ЕГОРОВА ЛЮДМИЛА НИКОЛАЕВНА - http://www.proza.ru/avtor/legora - ТРЕТЬЕ МЕСТО В ТЕМАТИЧЕСКОМ КОНКУРСЕ "А КАК ПЕРВАЯ ЛЮБОВЬ..." МЕЖДУНАРОДНОГО ФОНДА ВЕЛИКИЙ СТРАННИК МОЛОДЫМ

   Ветка липы, что растет почти под окном, и летом радует шелестом листвы и тенью, сейчас раскачивалась под тяжестью пары говорливых воробьев. Они ожесточенно о чем-то спорили, наскакивая друг на друга, взъерошенные, то ли злые, то ли задорные.  Весна. Вот и птицы ведут себя по-другому. И на ветке, даже на расстоянии,  видны набухшие почки. И солнышко светит с самого утра. Лазурь неба так ярка, что нельзя поднять глаза и без напряжения посмотреть в небо.

   Мужчина стоял у окна давно. Он смотрел на ветку, воробьев, мучительно жмурился от пронзительного света,  но не испытывал того удивительного ощущения легкости, возбуждения, беспричинной радости, которые приносит с собой приближающаяся весна.

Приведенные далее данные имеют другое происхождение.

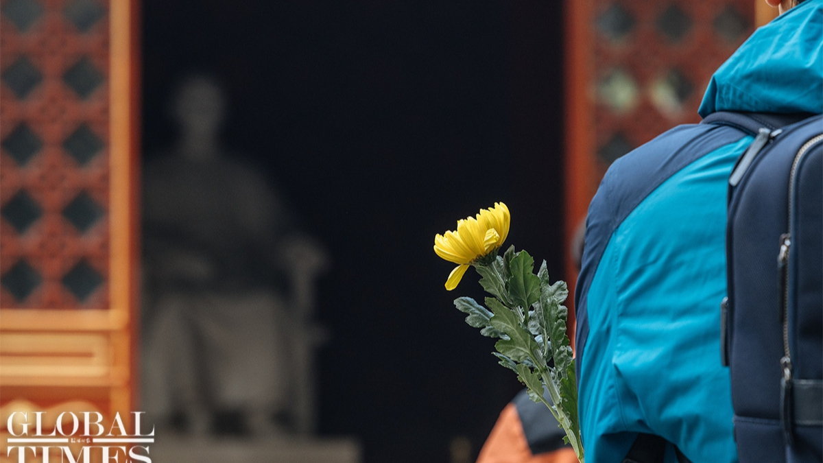 Επισκέπτες συγκεντρώθηκαν στην Αίθουσα Μνήμης του Σουν Γιατ-Σεν στο ναό Μπιγιούν που βρίσκεται στο Σιανγκσάν του Πεκίνου, για να καταθέσουν λουλούδια στο άγαλμα του Σουν Γιατ-Σεν και να αποδώσουν φόρο τιμής καθώς και να επισκεφθούν την έκθεση που παρουσιάζει τη ζωή του.

И чувства пробуждения, когда  незаметно для тебя с каждым днем все острее становится взгляд, выхватывая из окружающего вспыхнувшую солнечную искорку в капельке воды на носу  тающей сосульки, тонкий зеленый волосок травинки, робко появившийся в проталине у пригретой за день стены, рассеянную улыбку на губах идущей мимо женщины. Когда, выйдя  утром на крыльцо, вдохнув свежий воздух, улавливаешь в нем новые запахи – сырого ветра, мокрой  древесной коры, а присмотревшись в зеркало к своему лицу, вдруг обнаруживаешь непонятные родинки, нет, веснушки! И когда нудная болтовня соседа не раздражает, а вызывает расслабленное чувство смирения: Бог с ним, пусть бубнит!..

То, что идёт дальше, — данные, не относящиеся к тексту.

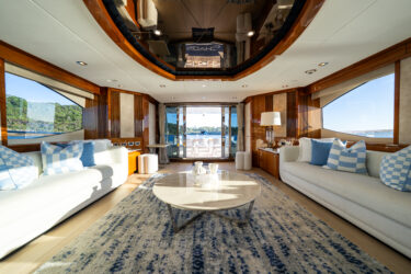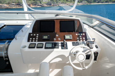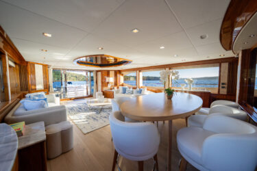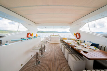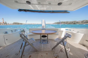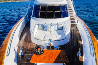 This majestic vessel combines timeless exterior elegance with expert naval craftsmanship, creating an exceptional charter experience. The partially enclosed flybridge offers a versatile lounge area where guests can relax in climate-controlled comfort or easily open the glass panels to enjoy fresh sea air and unobstructed vistas.

   Ничего этого Николай не переживал. Он давно жил в сумрачном мире безрадостных мыслей, чувств и ощущений. Вот и весна приближалась, а его это не касалось, потому что не для чего и не для кого было пробуждаться.

     Приехав к  тетке на месяцок  в гости,  он увидел Зину на танцах в доме культуры, и сразу потерял голову.  Умная, красивая, сдержанная, она очаровала его с первого взгляда. Желание быть рядом с ней, заглядывать в спокойные серые глаза, слышать тихий голос, касаться тонких музыкальных пальцев сжигало, туманило разум. И вот: она обратила на меня внимание! Она из всех выбрала меня! Она меня любит!

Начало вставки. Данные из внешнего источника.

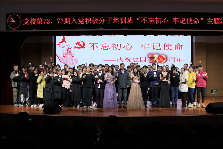 主题汇报演出是党校培训班的传统实践活动,为促进学员之间交流,加强学员团结奋斗意识,本次演出节目编排更改了往常各二级学院独自完成节目的形式,由全体二级学院学员共同完成全部节目编排。本次汇演让学员充分了解到新中国成立70周年的发展历程与繁荣富强背后的艰辛,激发了学员的奋斗意识以及坚定了入党信念,展现了学员们良好的精神风貌。

   Истинная картина их отношений стала проявляться   лет через пять. Все чаще Николай ловил в тихом голосе жены стальные нотки, а  в спокойных серых глазах  видел  злость или пренебрежение. Все чаще от его прикосновения музыкальные пальчики нервно дергались,  сжимаясь в кулачки. Николай терялся, мучительно искал причины поведения Зины, и в одинокие  бессонные ночи, которые проводил на диване в зале – чтобы не нервировать жену, у которой в очередной раз что-то болело, склонялся к мысли, что вышла ошибка. Ошибкой он  называл свои надежды и мечты, связанные с этой женщиной, отданные ей сокровенные порывы души,  нежность и страсть, изливаемые на нее, все лучшее, что рождает любовь. Как такое случилось? Кто ошибся? Когда? И извечное «кто виноват?»

   За спиной сиротливо остывала пустая кровать. Зина выпорхнула из нее рано, словно боясь задержаться лишнюю минуту. Молча накинула халатик и скрылась в ванной.
«Шарахается, как от зачумленного, - подумалось с обидой и горечью. - Боится, что дотронусь, попытаюсь обнять. И как с этим жить дальше?»

   Николай  по-прежнему стоял у окна, вперив в него невидящий взгляд. Он представил, как мог бы разбудить ее, едва коснувшись губами плеча, что трогательно торчало из-под  сбившегося одеяла. Теплое, бледное в утреннем полумраке, беззащитное и дорогое. Он почувствовал огромное  желание физически  ощутить тонкость и бархатистость ее кожи. Захотелось ласкать ее губами, медленно опускаясь с острой вершины плечика по спине  ниже, к ложбине между лопатками, окунаясь в запах ее тела, чувствуя, как кровь начинает стучать в висках сильно и часто. Или уткнуться лицом в сбившиеся на хрупкой шее волосы, и тихо позвав по имени, скользнуть  рукой под ее, прижатую к боку  руку, накрыть ладонью грудь, чтобы она уютно легла в  его большую горячую ладонь. Он мог бы… да мало ли что он мог, но она не хочет! Ей это не надо! Почему? Как можно жить, плотно укутавшись в одежды отчуждения, холодности, равнодушия?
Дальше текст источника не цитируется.